**Task details:**
Reproduce the entries in full. Exclude all images from the copy.

(Saved data entries)
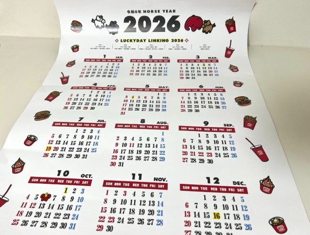 続いて「2026年カレンダー」。A2サイズ(タテ594mm、ヨコ420mm)の大判カレンダーで、2026年のラッキーDAYが記載されている。
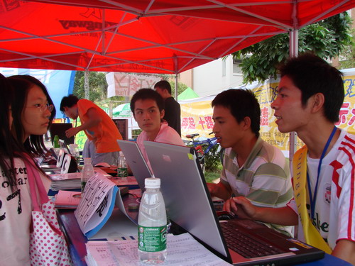 上午十点,活动正式开始,包括维修和咨询两个环节,时至中午放学时段,路过现场并寻求维修和咨询的同学渐渐增多,同学纷纷将出现故障的爱机搬到现场接受维修,信息学院的同学就电脑硬件、软件方面的问题作了详尽的解答。
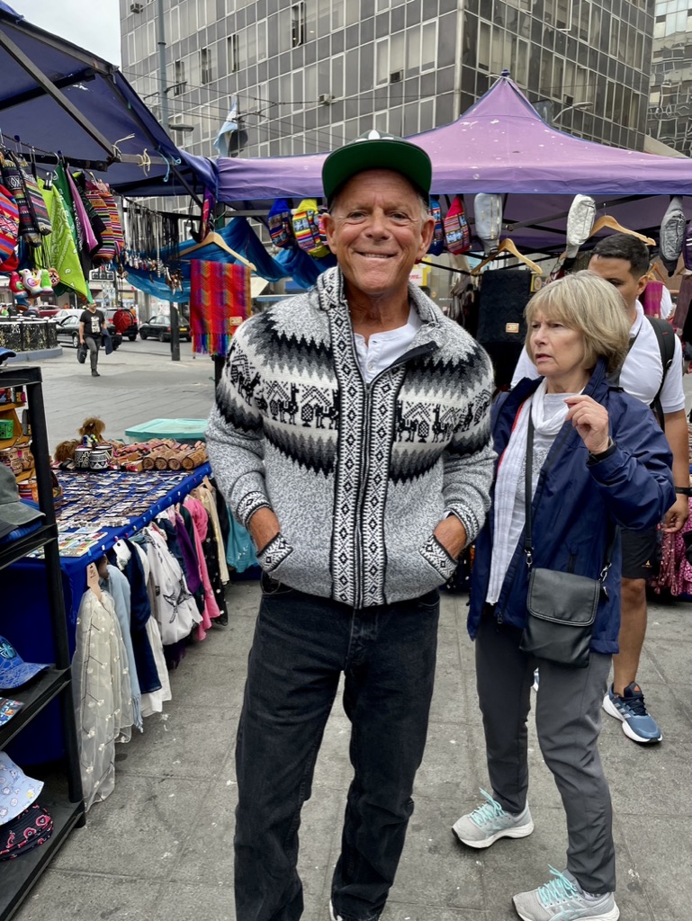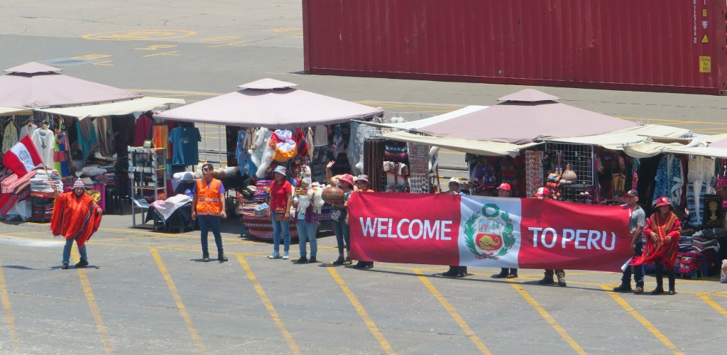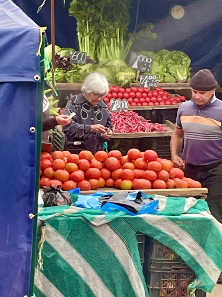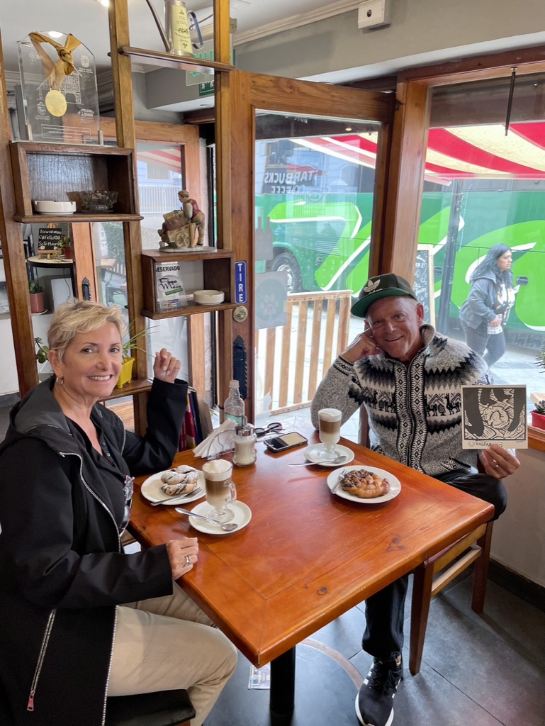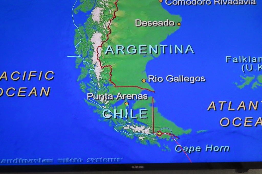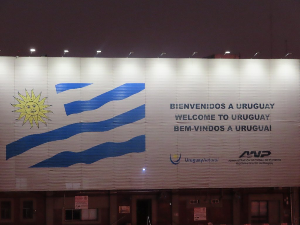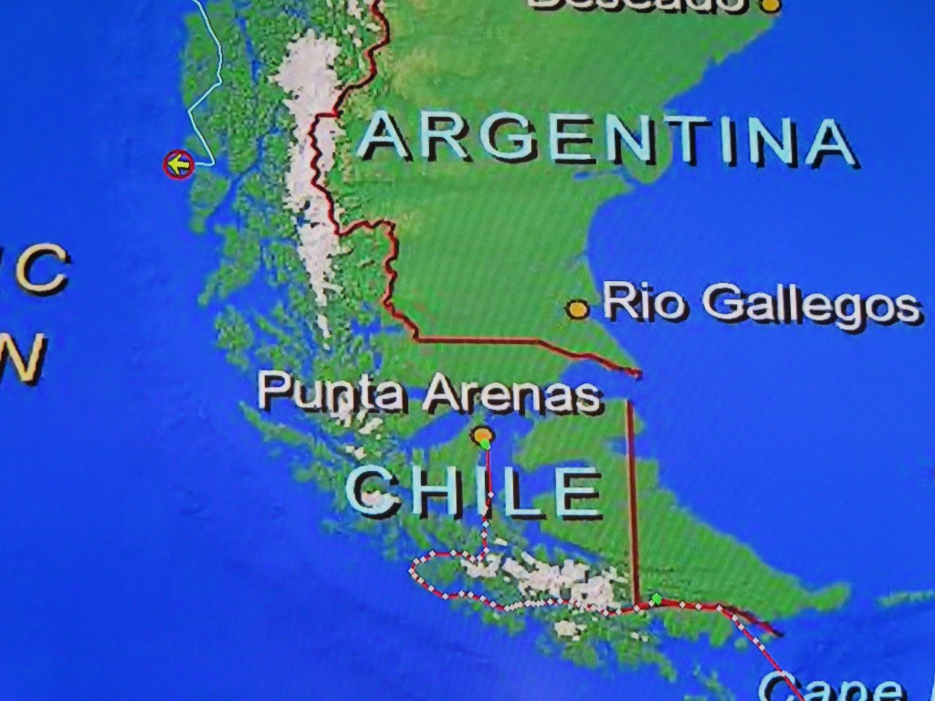 Mission accomplished at the local mercado. Uno Argentinian and Uno Chilean for our stateroom stash for veinte do’lares!
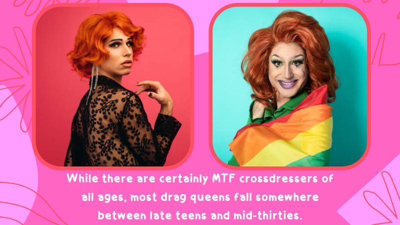 First, let’s consider age. While there are certainly MTF crossdressers of all ages, most drag queens fall somewhere between late teens and mid-thirties. In general, younger people may be more interested in dressing up for fun or personal fulfillment; older people may have less time or energy to devote to this activity, perhaps due to job or family responsibilities.
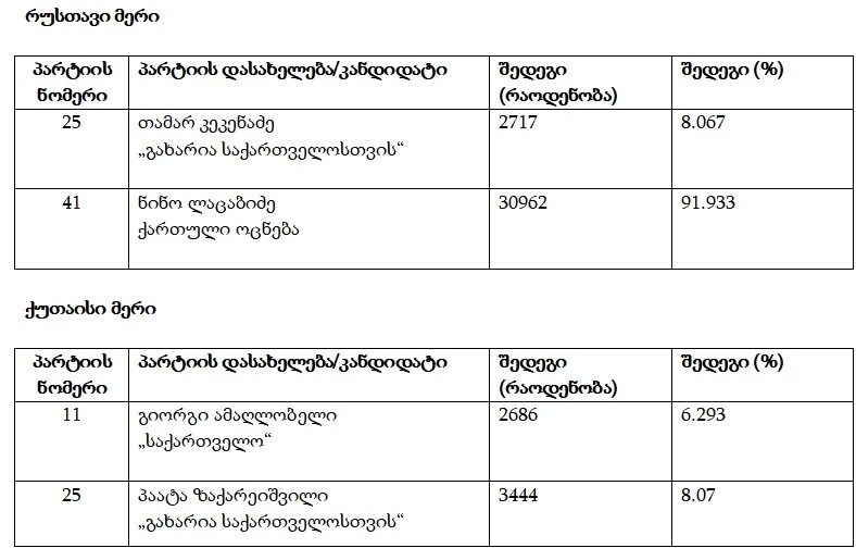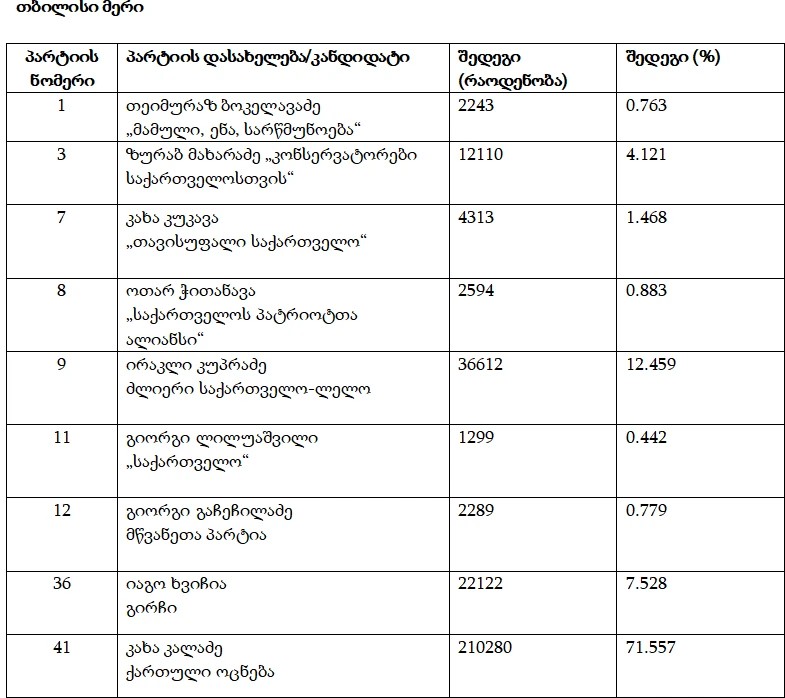 როგორც მოგეხსენებათ, მუნიციპალიტეტის არჩევნები კომპლექსური პროცესია. ტრადიციული საარჩევნო უბნების შემთხვევაში გამოყენებული იყო სამი ბიულეტენი, ხოლო მოდერნიზებულ უბნებზე კი გამოყენებული იყო სამ სვეტად დაყოფილი ერთი ბიულეტენი. ტრადიციულ უბნებზე ხელით დათვლის შედეგები ასევე განთავსდება ვებგვერდზე, მანამდე კი წარმოგიდგენთ დედაქალაქის პროპორციულ შედეგებს, ასევე თბილისისა და დანარჩენი თვითმმართველი ქალაქების მერების არჩევნების პირველად წინასწარ შედეგებს.

**Task result:**
 続いて「2026年カレンダー」。A2サイズ(タテ594mm、ヨコ420mm)の大判カレンダーで、2026年のラッキーDAYが記載されている。
 上午十点,活动正式开始,包括维修和咨询两个环节,时至中午放学时段,路过现场并寻求维修和咨询的同学渐渐增多,同学纷纷将出现故障的爱机搬到现场接受维修,信息学院的同学就电脑硬件、软件方面的问题作了详尽的解答。
 Mission accomplished at the local mercado. Uno Argentinian and Uno Chilean for our stateroom stash for veinte do’lares!
 First, let’s consider age. While there are certainly MTF crossdressers of all ages, most drag queens fall somewhere between late teens and mid-thirties. In general, younger people may be more interested in dressing up for fun or personal fulfillment; older people may have less time or energy to devote to this activity, perhaps due to job or family responsibilities.
 როგორც მოგეხსენებათ, მუნიციპალიტეტის არჩევნები კომპლექსური პროცესია. ტრადიციული საარჩევნო უბნების შემთხვევაში გამოყენებული იყო სამი ბიულეტენი, ხოლო მოდერნიზებულ უბნებზე კი გამოყენებული იყო სამ სვეტად დაყოფილი ერთი ბიულეტენი. ტრადიციულ უბნებზე ხელით დათვლის შედეგები ასევე განთავსდება ვებგვერდზე, მანამდე კი წარმოგიდგენთ დედაქალაქის პროპორციულ შედეგებს, ასევე თბილისისა და დანარჩენი თვითმმართველი ქალაქების მერების არჩევნების პირველად წინასწარ შედეგებს.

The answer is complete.